(Collected data)
▶
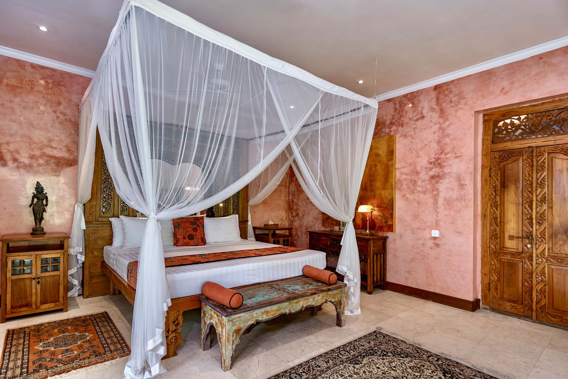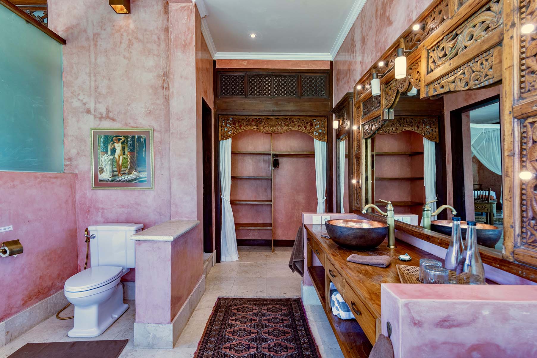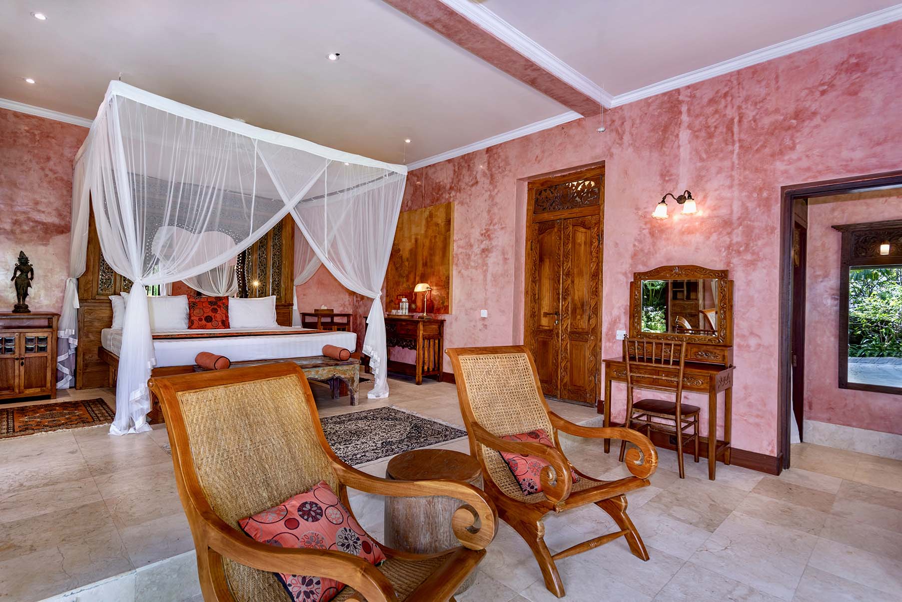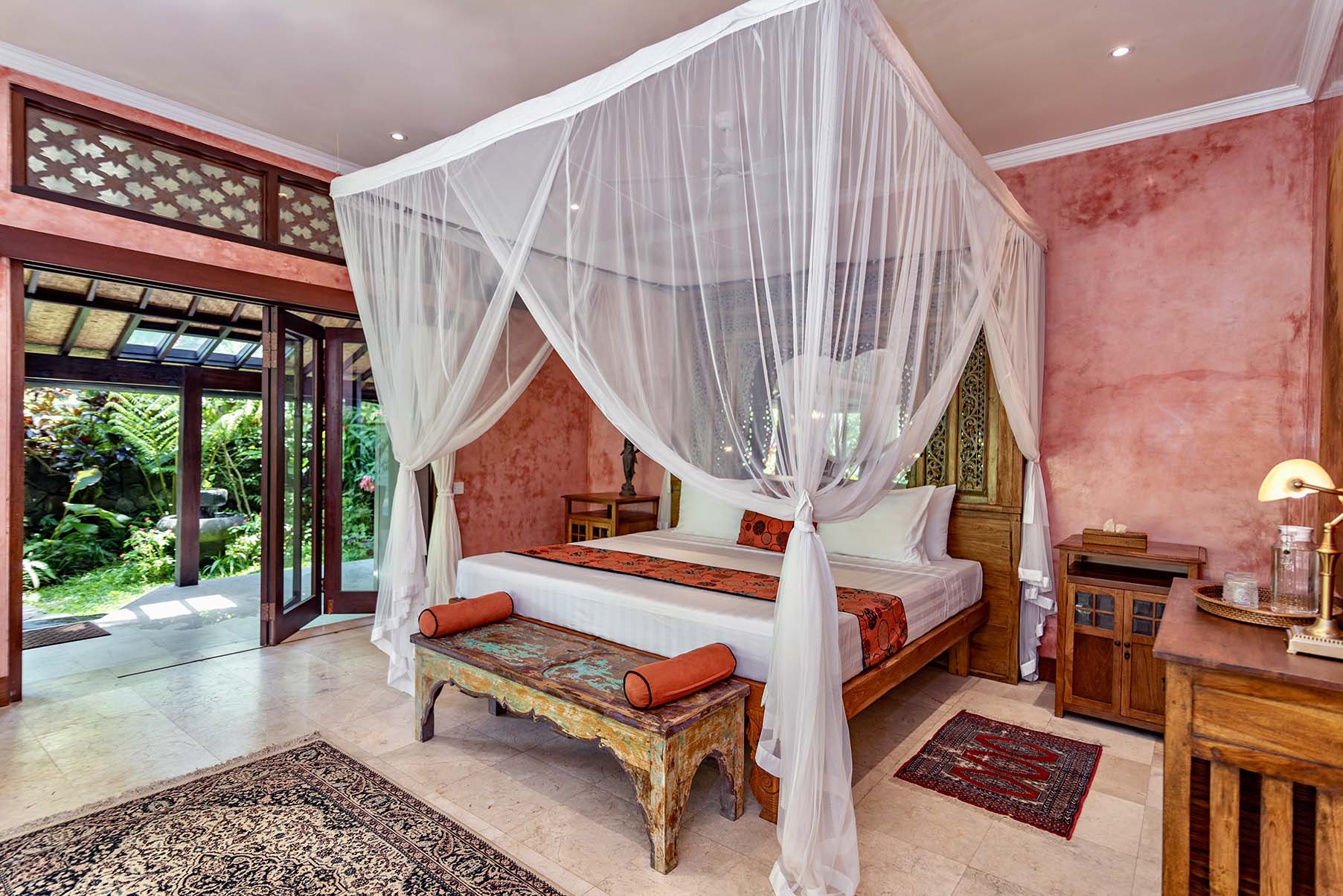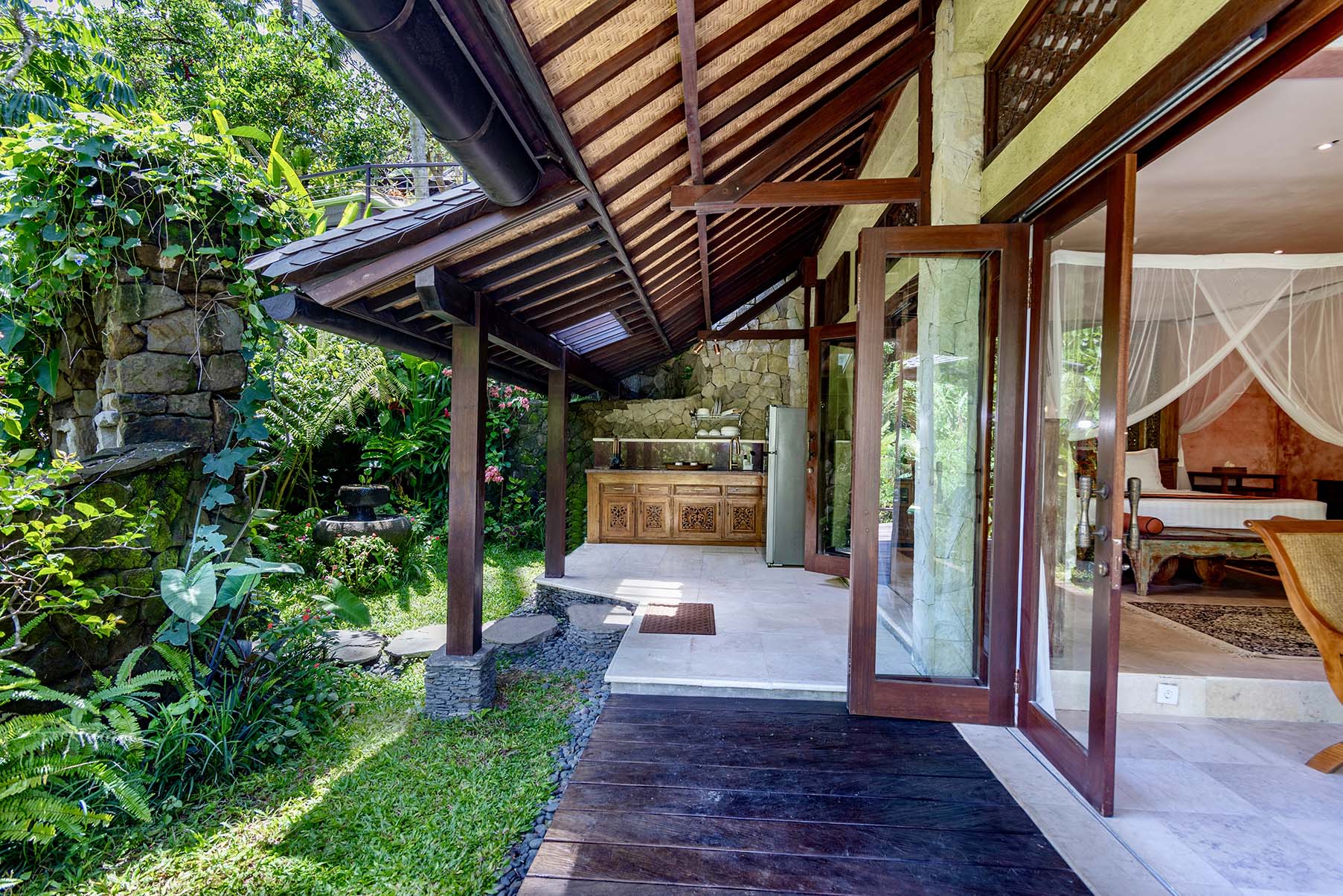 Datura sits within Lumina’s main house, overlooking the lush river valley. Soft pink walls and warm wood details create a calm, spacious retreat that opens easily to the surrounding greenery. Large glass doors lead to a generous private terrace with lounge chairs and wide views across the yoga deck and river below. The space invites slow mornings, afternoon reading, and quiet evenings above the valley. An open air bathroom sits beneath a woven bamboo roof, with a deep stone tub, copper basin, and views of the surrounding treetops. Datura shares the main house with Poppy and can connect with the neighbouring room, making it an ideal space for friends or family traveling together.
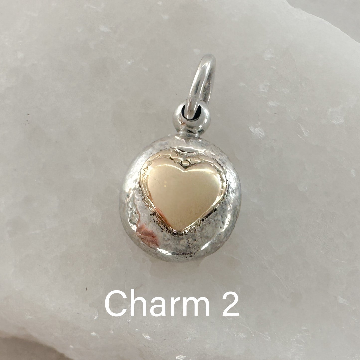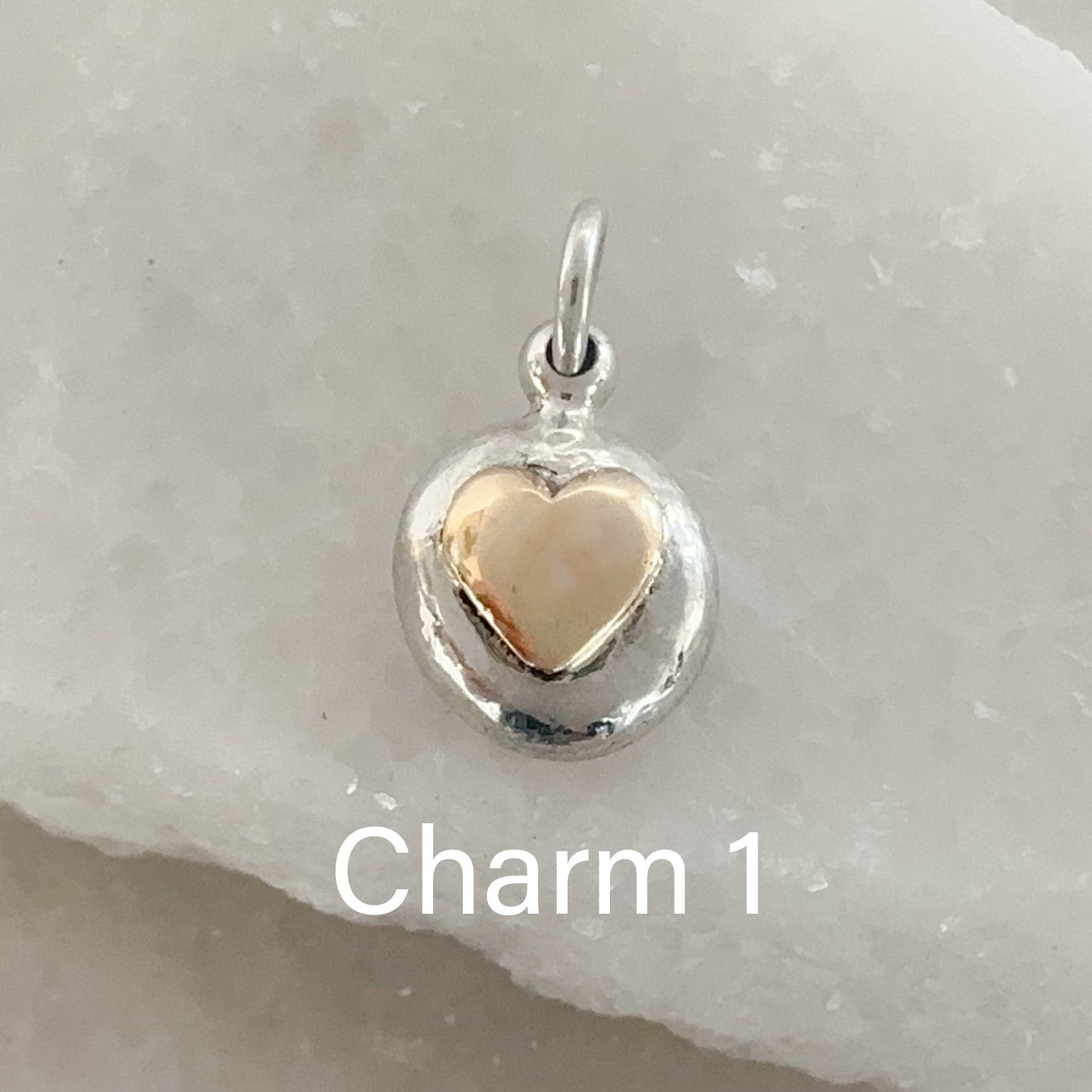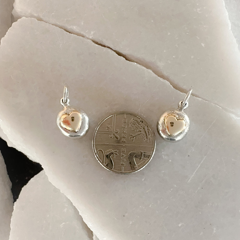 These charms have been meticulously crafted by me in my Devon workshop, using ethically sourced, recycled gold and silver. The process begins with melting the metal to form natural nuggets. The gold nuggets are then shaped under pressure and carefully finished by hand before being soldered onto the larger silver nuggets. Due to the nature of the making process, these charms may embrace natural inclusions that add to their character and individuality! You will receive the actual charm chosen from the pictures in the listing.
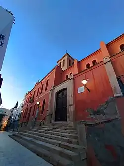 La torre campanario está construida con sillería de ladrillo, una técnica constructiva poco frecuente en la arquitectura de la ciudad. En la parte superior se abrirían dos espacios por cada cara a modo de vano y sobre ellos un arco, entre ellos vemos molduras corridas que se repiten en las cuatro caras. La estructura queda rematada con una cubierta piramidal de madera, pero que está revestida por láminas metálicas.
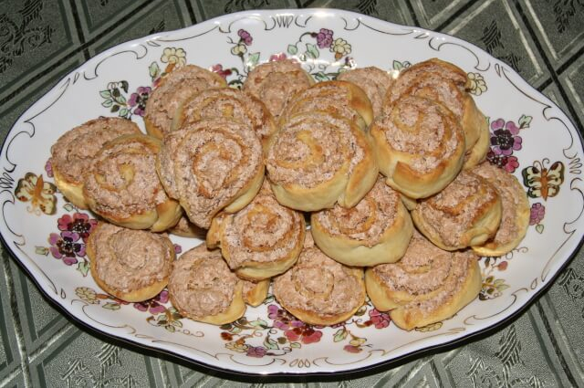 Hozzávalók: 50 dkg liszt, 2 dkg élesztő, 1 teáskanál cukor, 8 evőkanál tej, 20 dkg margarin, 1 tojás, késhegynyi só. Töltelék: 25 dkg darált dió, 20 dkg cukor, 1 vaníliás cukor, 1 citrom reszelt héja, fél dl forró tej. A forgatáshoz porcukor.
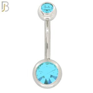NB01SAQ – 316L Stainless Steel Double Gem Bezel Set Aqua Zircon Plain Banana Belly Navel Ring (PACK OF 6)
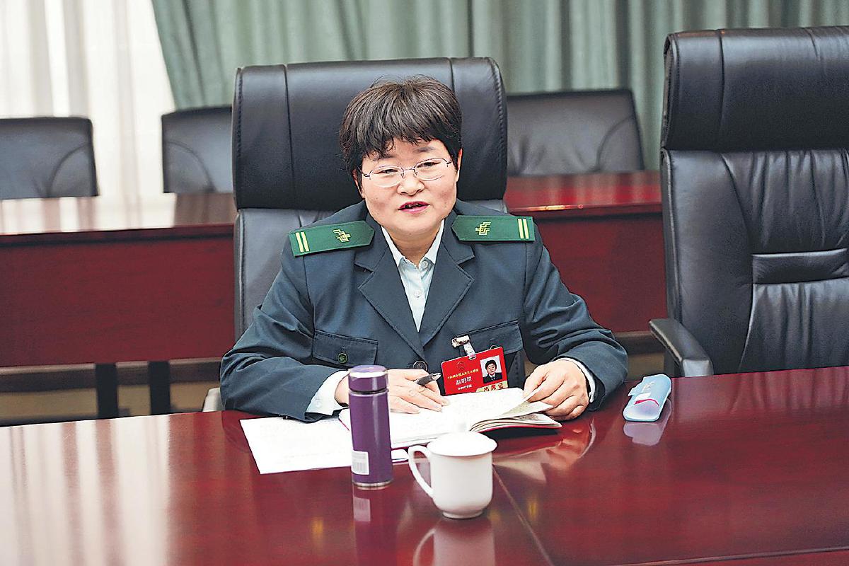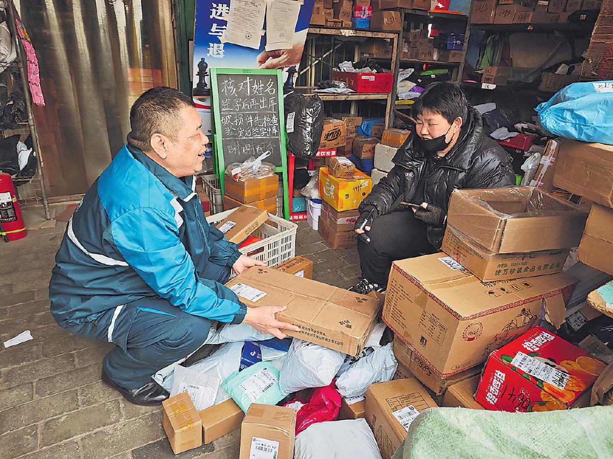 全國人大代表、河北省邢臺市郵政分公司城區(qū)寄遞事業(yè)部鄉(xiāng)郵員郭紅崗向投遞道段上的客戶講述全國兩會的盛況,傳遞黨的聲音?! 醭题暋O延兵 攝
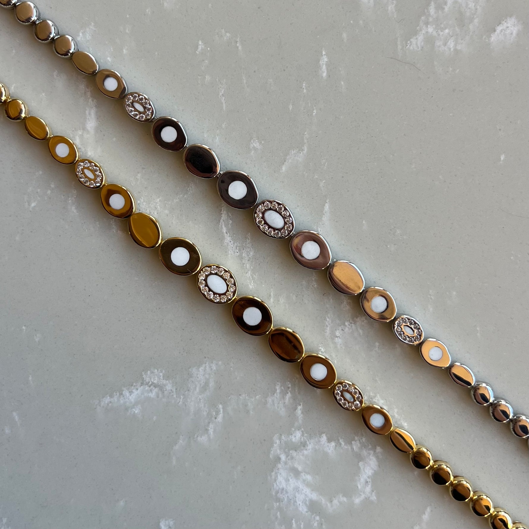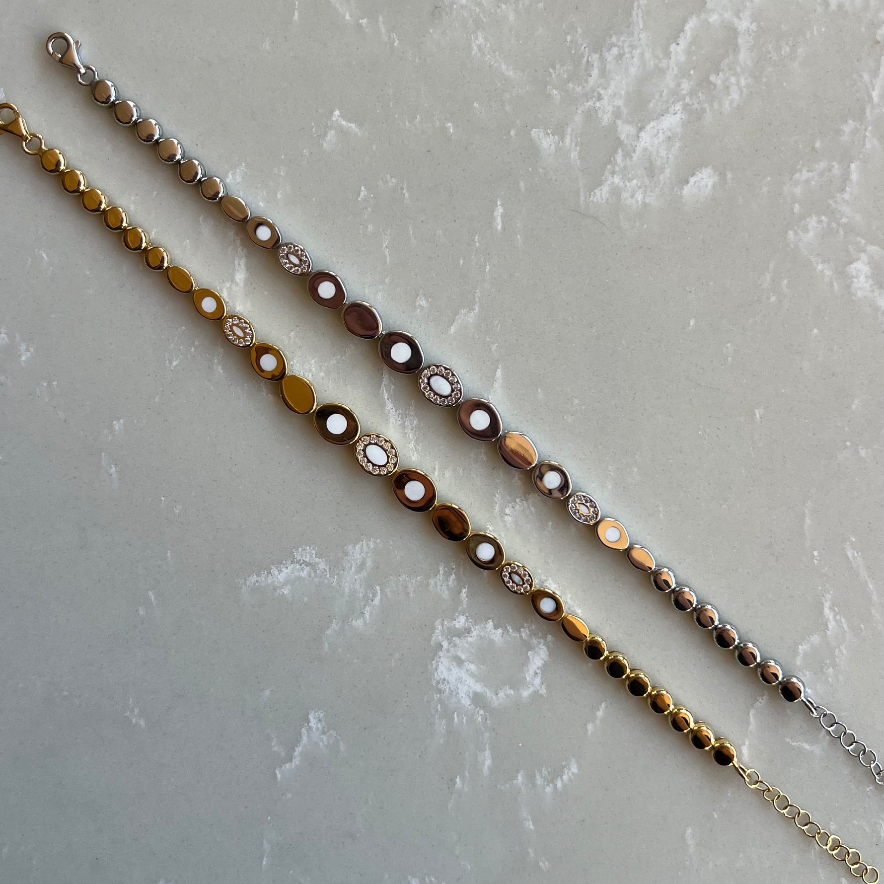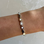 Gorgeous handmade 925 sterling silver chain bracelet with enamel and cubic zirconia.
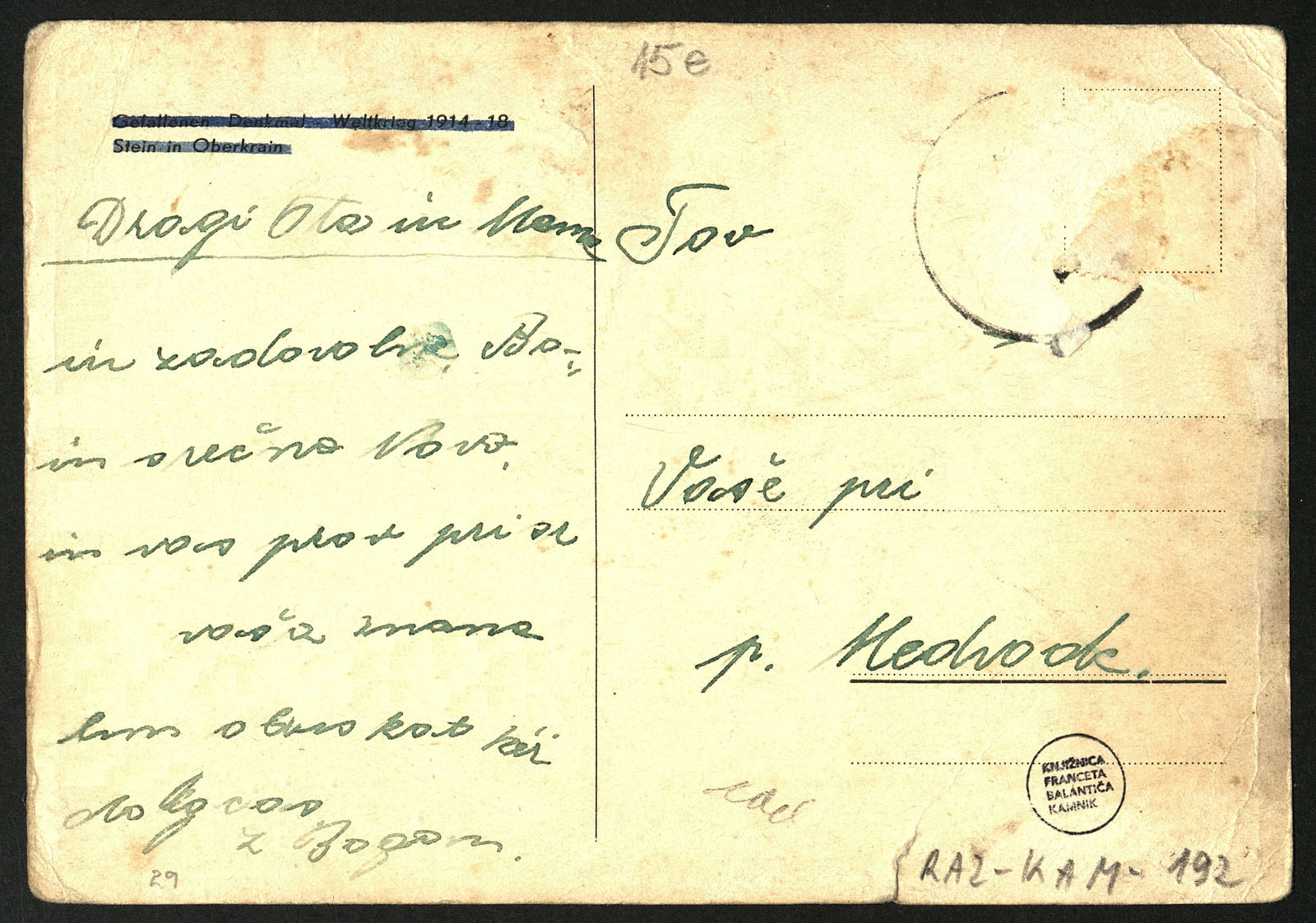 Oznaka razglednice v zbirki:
◀
In the data above, find the line with "La torre campanario" and the line with "Hozzávalók: 50 dkg". Please copy exactly those two lines and every line between them, but not the pictures.

FINISHED TASK:
 La torre campanario está construida con sillería de ladrillo, una técnica constructiva poco frecuente en la arquitectura de la ciudad. En la parte superior se abrirían dos espacios por cada cara a modo de vano y sobre ellos un arco, entre ellos vemos molduras corridas que se repiten en las cuatro caras. La estructura queda rematada con una cubierta piramidal de madera, pero que está revestida por láminas metálicas.
 Hozzávalók: 50 dkg liszt, 2 dkg élesztő, 1 teáskanál cukor, 8 evőkanál tej, 20 dkg margarin, 1 tojás, késhegynyi só. Töltelék: 25 dkg darált dió, 20 dkg cukor, 1 vaníliás cukor, 1 citrom reszelt héja, fél dl forró tej. A forgatáshoz porcukor.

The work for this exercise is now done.